▶ [WORK ITEM]
Would you transcribe each entry that follows word for word, minus the images?

┌─ LISTED ENTRIES

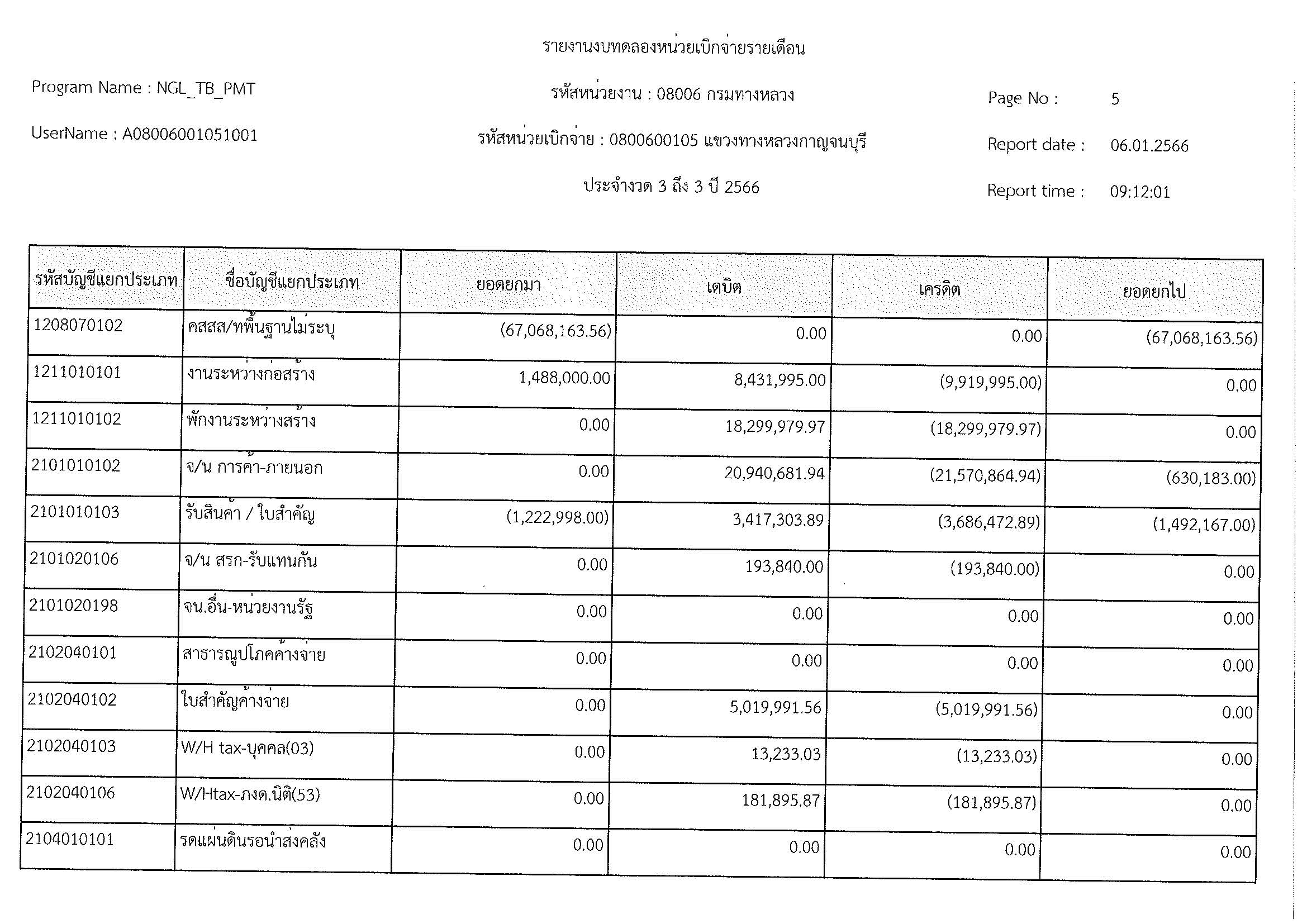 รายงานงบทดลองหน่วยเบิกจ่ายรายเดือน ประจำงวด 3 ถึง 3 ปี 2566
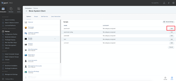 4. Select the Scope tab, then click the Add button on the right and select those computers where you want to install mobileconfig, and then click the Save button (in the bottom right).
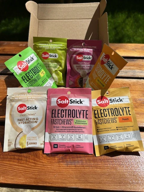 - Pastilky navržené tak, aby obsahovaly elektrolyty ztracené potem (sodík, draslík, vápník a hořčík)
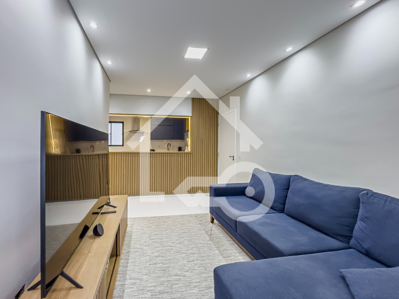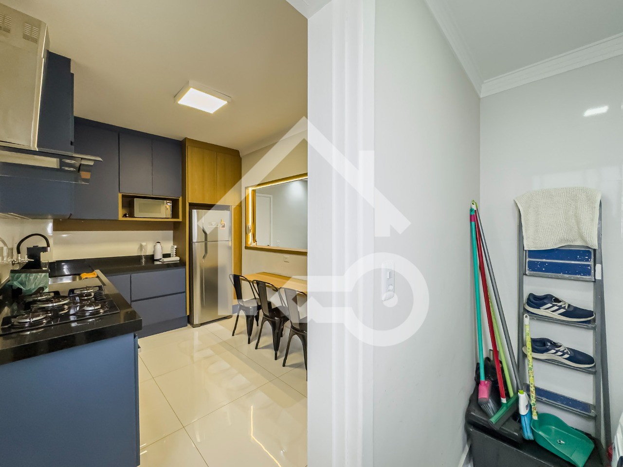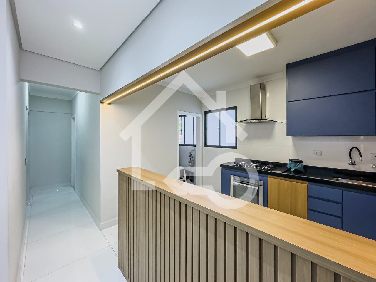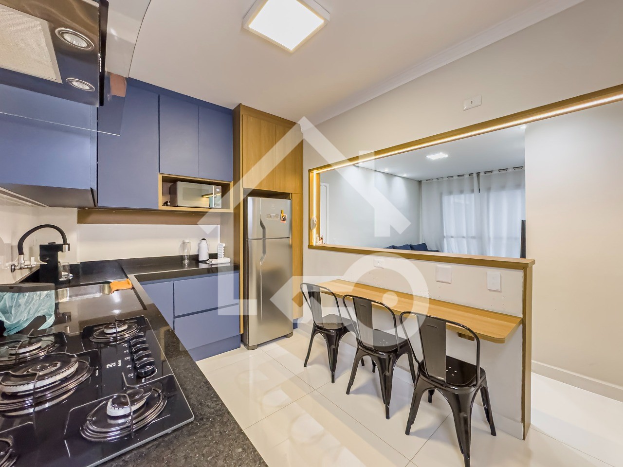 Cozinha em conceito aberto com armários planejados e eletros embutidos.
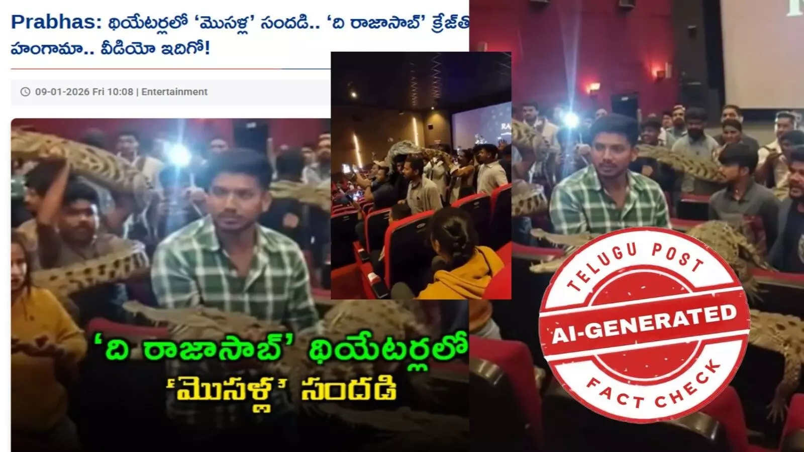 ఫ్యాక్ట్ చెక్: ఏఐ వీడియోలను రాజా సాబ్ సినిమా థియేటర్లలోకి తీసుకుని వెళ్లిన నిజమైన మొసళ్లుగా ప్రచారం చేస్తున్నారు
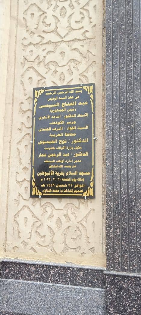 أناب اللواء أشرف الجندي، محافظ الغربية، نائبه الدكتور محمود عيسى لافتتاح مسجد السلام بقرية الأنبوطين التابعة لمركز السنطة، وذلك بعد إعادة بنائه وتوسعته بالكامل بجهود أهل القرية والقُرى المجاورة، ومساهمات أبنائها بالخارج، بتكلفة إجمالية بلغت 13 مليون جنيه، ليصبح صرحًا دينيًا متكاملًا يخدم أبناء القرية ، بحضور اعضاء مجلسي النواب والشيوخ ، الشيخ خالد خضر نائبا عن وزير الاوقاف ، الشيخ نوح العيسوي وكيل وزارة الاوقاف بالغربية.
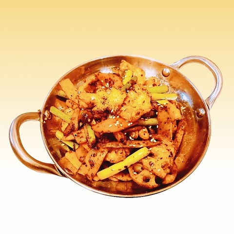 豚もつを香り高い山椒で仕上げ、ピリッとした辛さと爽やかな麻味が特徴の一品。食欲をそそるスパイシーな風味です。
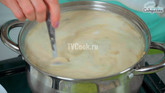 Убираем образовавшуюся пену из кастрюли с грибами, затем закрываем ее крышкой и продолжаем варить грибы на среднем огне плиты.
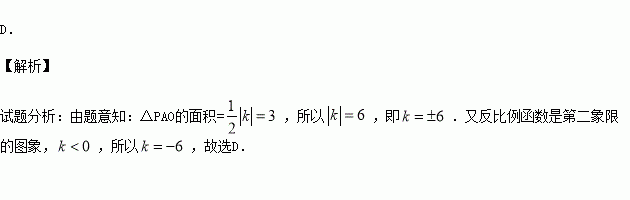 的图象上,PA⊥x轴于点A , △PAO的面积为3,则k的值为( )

└─

▶ [ANSWER TO THE PROBLEM]
 รายงานงบทดลองหน่วยเบิกจ่ายรายเดือน ประจำงวด 3 ถึง 3 ปี 2566
 4. Select the Scope tab, then click the Add button on the right and select those computers where you want to install mobileconfig, and then click the Save button (in the bottom right).
 - Pastilky navržené tak, aby obsahovaly elektrolyty ztracené potem (sodík, draslík, vápník a hořčík)
 Cozinha em conceito aberto com armários planejados e eletros embutidos.
 ఫ్యాక్ట్ చెక్: ఏఐ వీడియోలను రాజా సాబ్ సినిమా థియేటర్లలోకి తీసుకుని వెళ్లిన నిజమైన మొసళ్లుగా ప్రచారం చేస్తున్నారు
 أناب اللواء أشرف الجندي، محافظ الغربية، نائبه الدكتور محمود عيسى لافتتاح مسجد السلام بقرية الأنبوطين التابعة لمركز السنطة، وذلك بعد إعادة بنائه وتوسعته بالكامل بجهود أهل القرية والقُرى المجاورة، ومساهمات أبنائها بالخارج، بتكلفة إجمالية بلغت 13 مليون جنيه، ليصبح صرحًا دينيًا متكاملًا يخدم أبناء القرية ، بحضور اعضاء مجلسي النواب والشيوخ ، الشيخ خالد خضر نائبا عن وزير الاوقاف ، الشيخ نوح العيسوي وكيل وزارة الاوقاف بالغربية.
 豚もつを香り高い山椒で仕上げ、ピリッとした辛さと爽やかな麻味が特徴の一品。食欲をそそるスパイシーな風味です。
 Убираем образовавшуюся пену из кастрюли с грибами, затем закрываем ее крышкой и продолжаем варить грибы на среднем огне плиты.
 的图象上,PA⊥x轴于点A , △PAO的面积为3,则k的值为( )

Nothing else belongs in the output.